HTMLは、バージョンで管理されています。現在はバージョン5.2で、一般的には『HTML5』と呼ばれています。
HTML5
HTML5 | 2014年10月28日勧告 |
HTML5.1 | 2016年11月1日勧告 |
HTML 5.2 | 2017年12月14日勧告 |
HTML5は、WHATWG (Web Hypertext Application Technology Working Group, ワットダブルジー)が仕様を策定して、その結果に基づいてW3C が勧告を行なっています。
W3C(ダブリュー・サン・シー)
HTML, CSSの標準化団体。仕様の策定から勧告まで行う。HTML5からは策定は行わず勧告だけを行うようになった。

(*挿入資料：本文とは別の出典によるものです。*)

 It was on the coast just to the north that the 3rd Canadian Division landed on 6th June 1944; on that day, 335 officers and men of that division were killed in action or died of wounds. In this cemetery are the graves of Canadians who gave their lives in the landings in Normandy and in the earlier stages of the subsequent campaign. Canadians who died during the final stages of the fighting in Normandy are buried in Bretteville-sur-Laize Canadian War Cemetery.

策定 | どのような機能を追加・変更・削除するのか決めること。 |
勧告 | 決まった仕様の対応を開発元に促すこと。 |
2019年にHTMLの仕様策定から撤退し、長年対立してきたWHATWGへ移管。
じつはHTML5の仕様策定はWHATWGが行っており、それをW3Cが追認して勧告した。
この時点でHTML5は終わっている。
後継のHTML標準仕様のことを HTML Living Standard という。
HTML5から仕様の策定・勧告の方法が変わる
HTML5より前まで、W3Cが仕様の策定から勧告まで行なっていました。
しかしW3Cは突然、HTMLの仕様をこれ以上変更しないと、バージョンアップの中止を宣言します。

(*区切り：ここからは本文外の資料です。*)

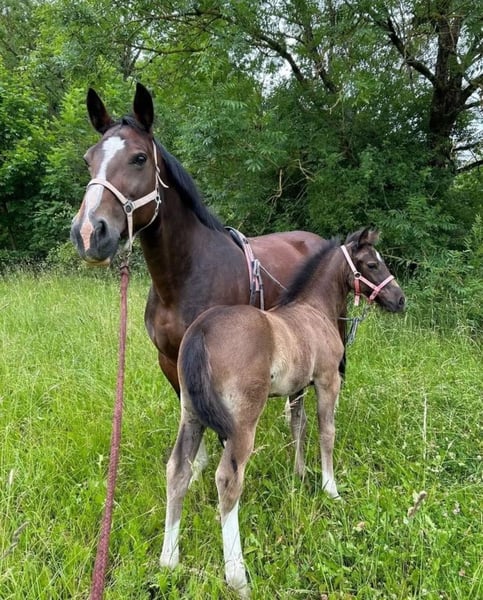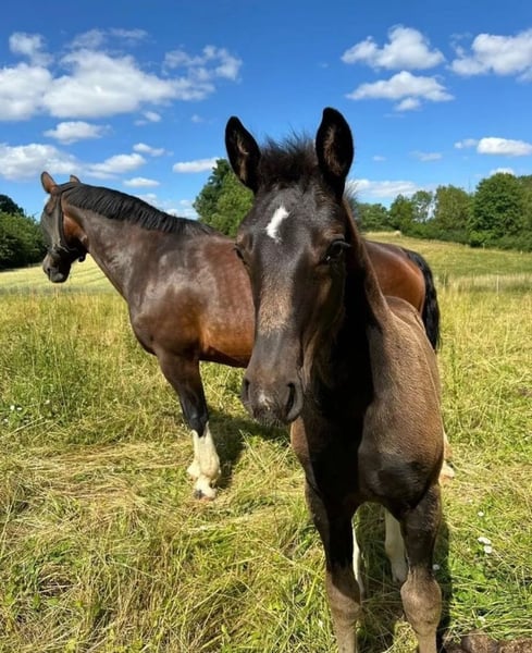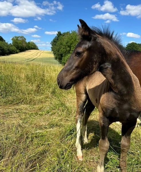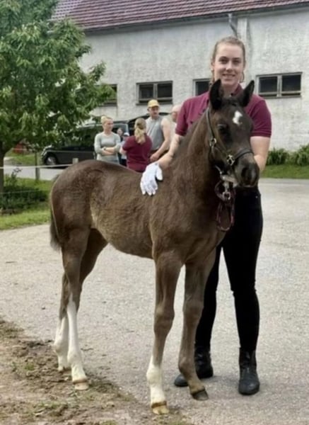 Aus unserer liebevollen Hobbyzucht haben wir uns nun doch entschieden, aufgrund Bestandsreduzierung, unsere im letzten Jahr geborene Schwere Warmblut Stute \"Glanzstück\" abzugeben. Selbstverständlich besitzt sie volles Papier & kennt das Fohlen ABC bereits vollständig. Sie überzeugt mit ihrem einwandfreien & absoluten liebevollen Charakter, was uns den Verkauf wirklich schwer macht. Geboren am 23.04.2025 Rappe Letztes Jahr erhielt sie ihre Fohlenprämie zur Fohlenschau. Züchterrisch sehr interessant, durch ihre alten Linien im Pedigree. Jedoch können wir sie uns auch sehr gut als Damen- & Familien Freizeitreit- & Fahrpferd vorstellen. Akuell: Bild 10 Mutter: Gundula von Dornburg (MV Volontär) (vorletztes Bild) Vater: Veltin (letztes Bild) Aktuelle Bilder gern auf Anfrage! 015146450835 Standort: 37339 Nähe Worbis

それに反発したのは開発者たちでした。このときすでに、動画や音声をHTMLで実装するように要望が高まっていたからです。
そこで2004年、Apple, Mozilla, Operaの開発者たちが独自で開発を続けるためにWHATWGを設立します。
結局、世の中のニーズをくみ取ったWHATWGが支持され、あとになってW3Cが合流して、
仕様策定 | WHATWG |
勧告 | W3C |
という形に収まりました。
HTML5の特長
HTML5の1番の特長は、動画と音声の埋め込みが簡単にできるようになったことです。

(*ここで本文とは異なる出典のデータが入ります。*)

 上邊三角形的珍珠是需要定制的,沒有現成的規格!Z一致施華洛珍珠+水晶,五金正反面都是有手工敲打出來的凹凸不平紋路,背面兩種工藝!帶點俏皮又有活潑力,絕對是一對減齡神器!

それまでは、flashという専用プログラムをパソコンにインストールしなければなりませんでした。覚えている人もたくさんいると思います。
その他にもレスポンシブデザイン対応など、いろいろな機能が追加されています。
まとめ
HTMLは、Webサイトの中核の技術です。Webサイト作成と言えば最初に学ぶプログラミング言語だと言う人もいます。
正確にはまちがい。HTMLはプログラム言語ではなくマークアップ言語。
HTMLはプログラミングではなく、特殊なルールの文書作成。
Webデザインに関わる人、Webデザイナーを目指す人は必ず習得しなければなりません。
あと、セットでCSSも覚えたほうが良いです。JavaScriptもあるのですが、これは、がっつりプログラミングになるので、余裕があればチャレンジしてもいいでしょう。
『コーダーがいるからデザイナーは書けなくてもいい』という声を聞きます。これは間違いです。
どの世界に自分の表現を形にする方法を一度も習得せずに、他人に丸投げして正当化する人がいるのでしょうか?
- 料理長は作れないではなく『作らない』
- 漫画家は書けないではなく『書かない』
三ツ星シェフや大先生クラスでもない人が、誰かに仕事を丸投げするほど『何様ですか?』という話です。
というか、HTML, CSSは文書作成なので、パソコンが使えなくて女性社員に丸投げしていたかつてのオッサンと同じです。